Fixed effects represent population parameters, assumed to be the same each time data is collected. Estimating fixed effects is the traditional domain of regression modeling. Random effects, by comparison, are sample-dependent random variables. In modeling, random effects act like additional error terms, and their distributions and covariances must be specified.

For example, consider a model of the elimination of a drug from the bloodstream. The model uses time t as a predictor and the concentration of the drug C as the response. The nonlinear model term C0ert combines parameters C0 and r, representing, respectively, an initial concentration and an elimination rate. If data is collected across multiple individuals, it is reasonable to assume that the elimination rate is a random variable ri depending on individual i, varying around a population mean $\overline{r}$. The term C0ert becomes

`${C}_{0}{e}^{-\left[\overline{r}+\left({r}_{i}-\overline{r}\right)\right]t}={C}_{0}{e}^{-\left(\beta +{b}_{i}\right)t}\text{,}$`

where β = $\overline{r}$ is a fixed effect and bi = ${r}_{i}-\overline{r}$ is a random effect.

Random effects are useful when data falls into natural groups. In the drug elimination model, the groups are simply the individuals under study. More sophisticated models might group data by an individual's age, weight, diet, etc. Although the groups are not the focus of the study, adding random effects to a model extends the reliability of inferences beyond the specific sample of individuals.

Mixed-effects models account for both fixed and random effects. As with all regression models, their purpose is to describe a response variable as a function of the predictor variables. Mixed-effects models, however, recognize correlations within sample subgroups. In this way, they provide a compromise between ignoring data groups entirely and fitting each group with a separate model.

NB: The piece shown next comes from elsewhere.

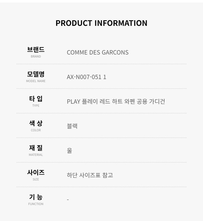 | 4. 제조사 | 꼼데가르송/(주)언커먼레이블-병행수입 |
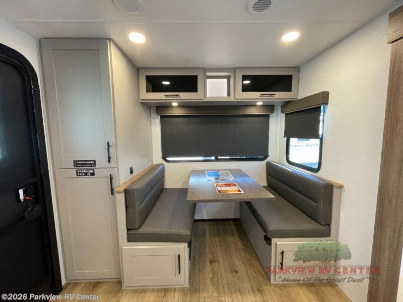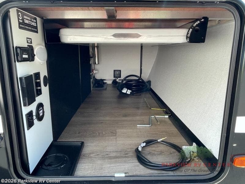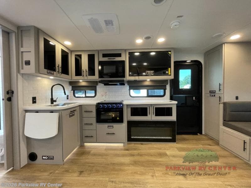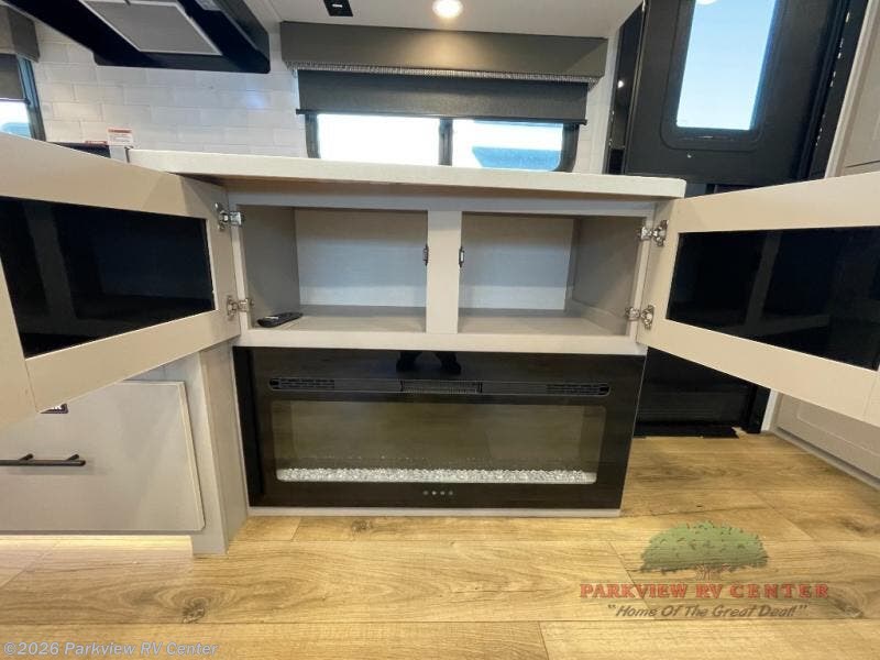 Grab your hiking boots and your sense of adventure for fun camping trips in this single slide out travel trailer. The rear booth dinette includes overhead storage for your things and the sofa slide out is in great view of the 40" HDTV. There is also a fireplace here that will make your space feel more like home plus more storage space, including an entryway pantry and storage above the 10 cu. ft. 12V refrigerator. A walk-through bath will take you to the front master bedroom with a queen bed, wardrobe nightstands, plus its own exterior entry door!

### Mixed-Effects Model Hierarchy

Suppose data for a nonlinear regression model falls into one of m distinct groups i = 1, ..., m. To account for the groups in a model, write response j in group i as:

`${y}_{ij}=f\left(\phi ,{x}_{ij}\right)+{\epsilon }_{ij}$`

yij is the response, xij is a vector of predictors, φ is a vector of model parameters, and εij is the measurement or process error. The index j ranges from 1 to ni, where ni is the number of observations in group i. The function f specifies the form of the model. Often, xij is simply an observation time tij. The errors are usually assumed to be independent and identically, normally distributed, with constant variance.

Estimates of the parameters in φ describe the population, assuming those estimates are the same for all groups. If, however, the estimates vary by group, the model becomes

`${y}_{ij}=f\left({\phi }_{i},{x}_{ij}\right)+{\epsilon }_{ij}$`

In a mixed-effects model, φi may be a combination of a fixed and a random effect:

`${\phi }_{i}=\beta +{b}_{i}$`

The random effects bi are usually described as multivariate normally distributed, with mean zero and covariance Ψ. Estimating the fixed effects β and the covariance of the random effects Ψ provides a description of the population that does not assume the parameters φi are the same across groups. Estimating the random effects bi also gives a description of specific groups within the data.

Model parameters do not have to be identified with individual effects. In general, design matrices A and B are used to identify parameters with linear combinations of fixed and random effects:

`${\phi }_{i}=A\beta +B{b}_{i}$`

If the design matrices differ among groups, the model becomes

`${\phi }_{i}={A}_{i}\beta +{B}_{i}{b}_{i}$`

If the design matrices also differ among observations, the model becomes

`$\begin{array}{l}{\phi }_{ij}={A}_{ij}\beta +{B}_{ij}{b}_{i}\\ {y}_{ij}=f\left({\phi }_{ij},{x}_{ij}\right)+{\epsilon }_{ij}\end{array}$`

Some of the group-specific predictors in xij may not change with observation j. Calling those vi, the model becomes

`${y}_{ij}=f\left({\phi }_{ij},{x}_{ij},{v}_{i}\right)+{\epsilon }_{ij}$`

### Specifying Mixed-Effects Models

Suppose data for a nonlinear regression model falls into one of m distinct groups i = 1, ..., m. (Specifically, suppose that the groups are not nested.) To specify a general nonlinear mixed-effects model for this data:

1. Define group-specific model parameters φi as linear combinations of fixed effects β and random effects bi.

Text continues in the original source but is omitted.